Everyone who knows me is very familiar with my stance on illegals; but what I really want to put into law pronto is this: anyone who does not bathe, change clothes, and, MOST IMPORTANTLY, does not use deodorant, GETS DEPORTED IMMEDIATELY and mercilessly. I think people who ride the subway (especially during the summer) will sign my petition.
Another pet peeve: I love when people start sharing personal information after a fifteen-minute acquaintance. Case in point: a sales rep who visits our office from time to time once offered me a piece of gum. I politely refused, stating that I do not usually chew gum. "Really?" - was her surprised reply - "Well, I always carry it, with my breath!". Did I really need to know that?
A fellow blogger once dedicated a post, completed with pictures, to the not so bright truck drivers who periodically get stuck under the Q Train tracks, because they do not pay attention to the clearance signs. Well, yours truly once witnessed two trucks, coming from the opposite directions, both getting stuck under the blessed Q train, and subsequently blocking Avenue P on Friday afternoon. Let us just say that was one of the few times when I was duly grateful for the fact that I do not drive.
A triumph of my assertiveness on the subway: putting down my big butt on the bench that was designed for four people, and where three men were comfortably sitting before my arrival.
Ultimate irony: when I bought myself a new prayer book, cashier did not deactivate the anti-theft device properly, and I started beeping by the exit. But here is my question: how can you pray using a stolen prayer book?
Notice on the e-bay action: "After few recent troubles I had with the lost packages, I will no longer ship to Russia". Gratifying to know that very few things changed in step-mother country.
I do not precisely remember what Bridget Jones considered as a "unfortunate laundry crisis outfit", but to me it ended up being a full goth regalia: black top and black skirt (completed with standard for New York winter black shoes).
I do not care about the logic and reasonable explanations: seating on the subway opposite a guy who was studying a diagram of female reproductive organs was just plain yucky.
Another funny bit: I did not get any birthday cards on the actual birthday, but I did get two cards a day before: one was from my Mom, and one was from my dentist.

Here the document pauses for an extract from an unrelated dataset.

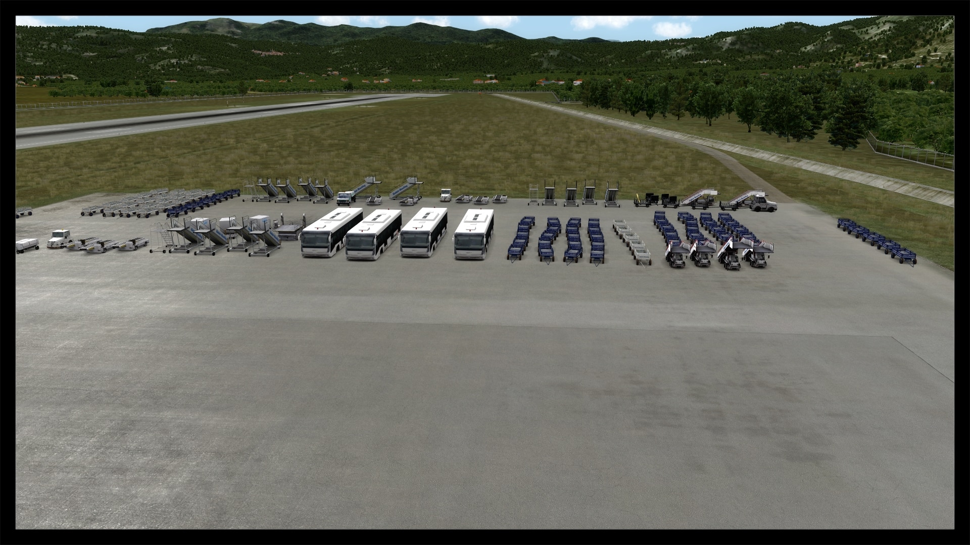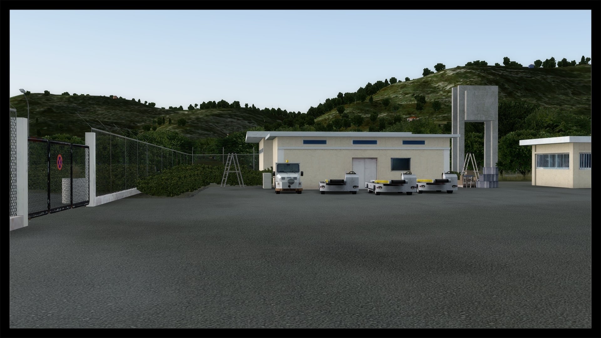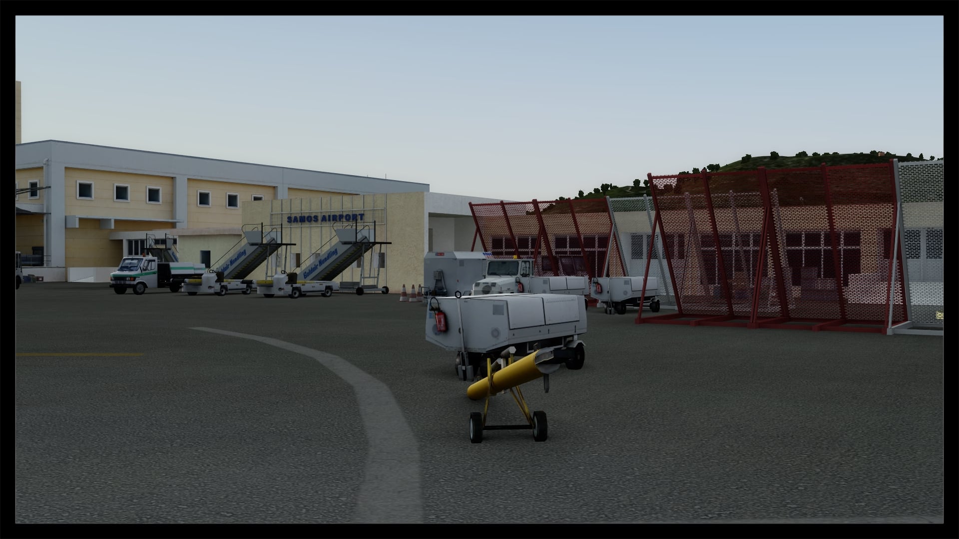 Samos International Airport „Aristarchos of Samos“, so der offizielle Name, kommt in der für kleinere Ferienflughäfen typischen Bauweise daher: Mittige Terminal-Anordnung und die Notwendigkeit, am Landekopf eine 180 Grad-Drehung zu vollziehen um starten zu können. Das Vorfeld fasst ungefähr 6 Boeing 737 und kommt in der Realität mit sehr abgenutzten, kaum sichtbaren Rollwegmarkierungen daher. Der Konfigurator erlaubt hier die Auswahl des Originalzustands, also ohne Markierungen oder eines angepassten Textursets, bei dem Vorfeldmarkierungen vorhanden sind. Die Texturen sind scharf, körnig und strukturiert, sie schaffen es so, ein schönes Betonabbild darzustellen. Dazu kommen Farbabweichungen, Schmutz und sogar kleine Grasbüschel an den Betonfugen.

One fine morning there was a little commotion in our office due to the fact that an entire team was ready to depart to the job site, but the project manager was missing. Long story short, poor guy called his second in command with apologies and a following explanation: "two Polish guys came in this morning, took off my apartment door (for the fridge delivery), and disappeared. I can not leave the house till the door is re-attached."
Few days ago I took fluffies out to an ice cream shop. Mini Not Me just kept trying to sneak candies; ice cream did not really stir him. Mini Me, on the other hand, usually takes very serious approach to her selection. Till recently, it was only a choice between an ice cream you can eat (a cone or a cup) and an ice cream you can drink (a milk shake). This time, she requested to be picked up, so she can view the selection better. I obliged and started rattling off all the flavors; she perused the entire selection very, very carefully, and finally made her choice: "Pink".